Russia's exit from Venezuela comes at a time when Moscow is apparently less active in Latin America. This is certainly the case in the field of arms sales. Russia, which had become a major exporter of military equipment to the region, has seen its sales decline in recent years. While during the golden decade of the commodity boom several countries spent part of their significant revenues on arms purchases (which also coincided with the spread of the Bolivarian tide, better linked to Moscow), the collapse in commodity prices and some governmental changes have meant that in the 2015-2019 period Latin America is the destination of only 0.8 per cent of Russia's total arms exports. The United States has regained its position as the largest seller to the rest of the continent.
Spain occupies a prominent position in the arms market, as the seventh largest exporter in the world. However, it lags behind in the preferences of Latin American countries, to which it sells less defence materiel than it would be entitled to in terms of the overall volume of trade it maintains with them. Nevertheless, the level of sales increased in 2019, after a year of particularly low figures. In the last five years, Spain has sold 3.6% of its global arms exports to Latin America; in that period, its main customers were Mexico, Ecuador, Brazil, Peru and Colombia.
Better military equipment might suggest greater participation in UN peacekeeping missions, perhaps as a way of keeping an army active in a context of a lack of regional deployments. However, of the total of 82,480 troops in the fourteen UN peacekeeping missions at the beginning of 2020, 2,473 came from Latin American countries, which represents only 3 per cent of the total contingent. Moreover, almost half of staff was contributed by one country, Uruguay (45.5% of regional troops).

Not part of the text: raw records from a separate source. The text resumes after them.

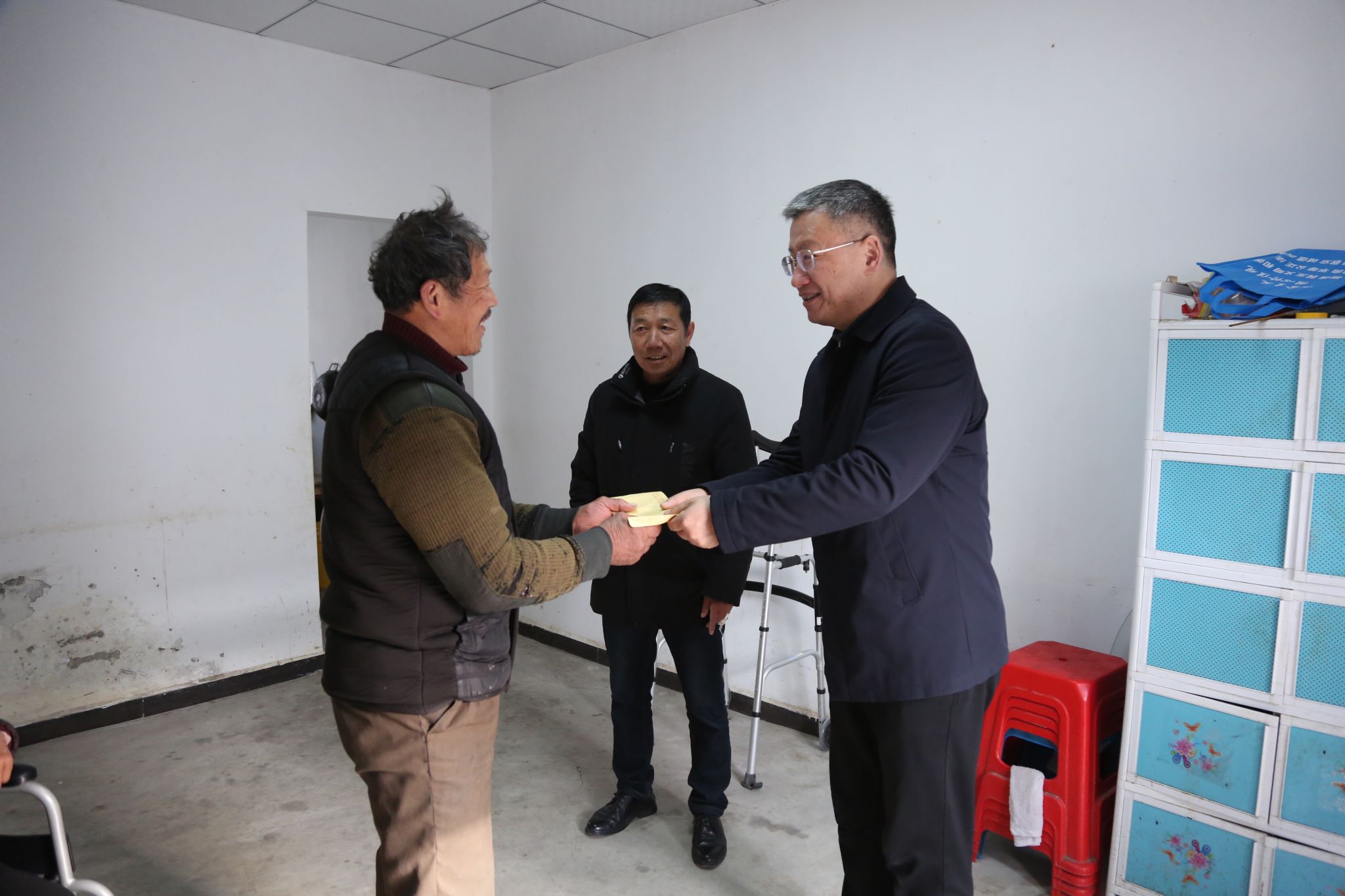 在邓坝村,曹付忠走进监测户家中,详细询问了村民的生活状况和身体情况,认真倾听他们的需求与意见,鼓励他们鼓足勇气、振奋精神,依托党和政府的惠民政策,积极面对生活。
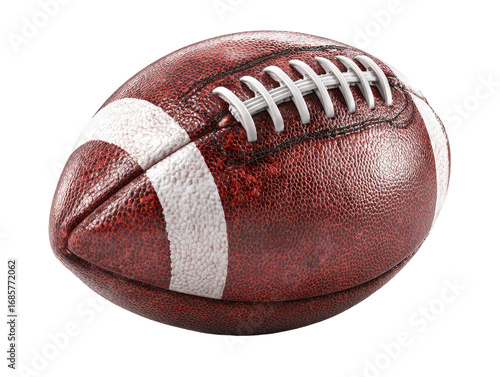 Close-up of a football, showing leather texture and stitching
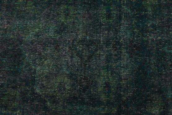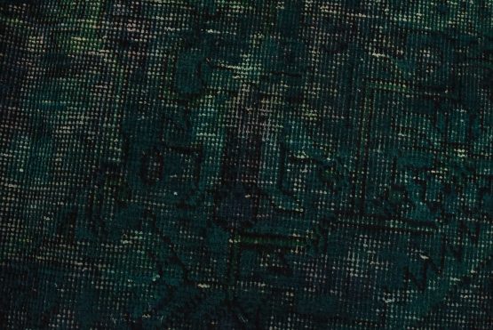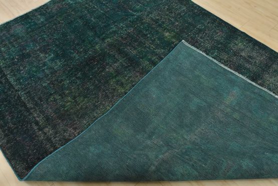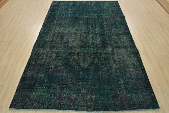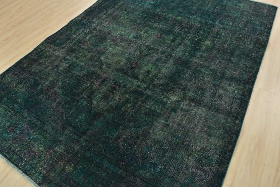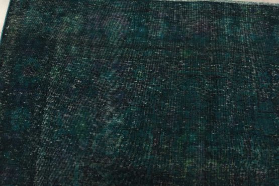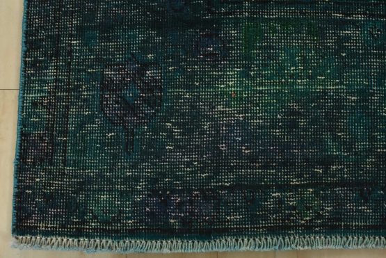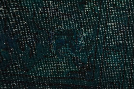 An authentic vintage traditional Overdyed Tabriz rug hand-knotted with an all-wool pile on a cotton foundation. This oriental rug features a muted central medallion surrounded by muted floral designs set against a blue background. It has a low wool pile, is worn and distressed, and has minor imperfections (see photos). However, it is in very good condition.

Another small country, El Salvador (12%), is the next most committed to missions, while large countries are under-represented, notably Mexico.
In terms of public safety, 2019 brought the good news of a reduction in homicides in Brazil, which fell by 19.2% compared to the previous year, in contrast to what happened in Mexico, where they rose by 2.5%. If in his first year as president, Jair Bolsonaro scored an important achievement, thanks to the management of the super security minister Sérgio Moro (a success tarnished by the increase in accidental deaths in police operations), in his first year Andrés Manuel López Obrador failed to fulfil one of his main electoral promises and was unable to break the upward trend in homicides that has invariably occurred annually throughout the terms of office of his two predecessors.
In terms of the fight against drug trafficking, 2019 saw two particularly positive developments. On the one hand, coca crops were eradicated for the first time in the VRAEM, Peru's largest production area. Given its difficult accessibility and the presence of Shining Path strongholds, the area had previously been excluded from the operations of subject. On the other hand, the change of presidency in Bolivia meant, according to the US, a greater commitment by the new authorities to combat illicit coca cultivation and interdict drug shipments coming from Peru. In recent years Bolivia has become the major cocaine distributor in the southern half of South America, connecting Peruvian and Bolivian production with the markets of Argentina and especially Brazil, and with its export ports to Europe.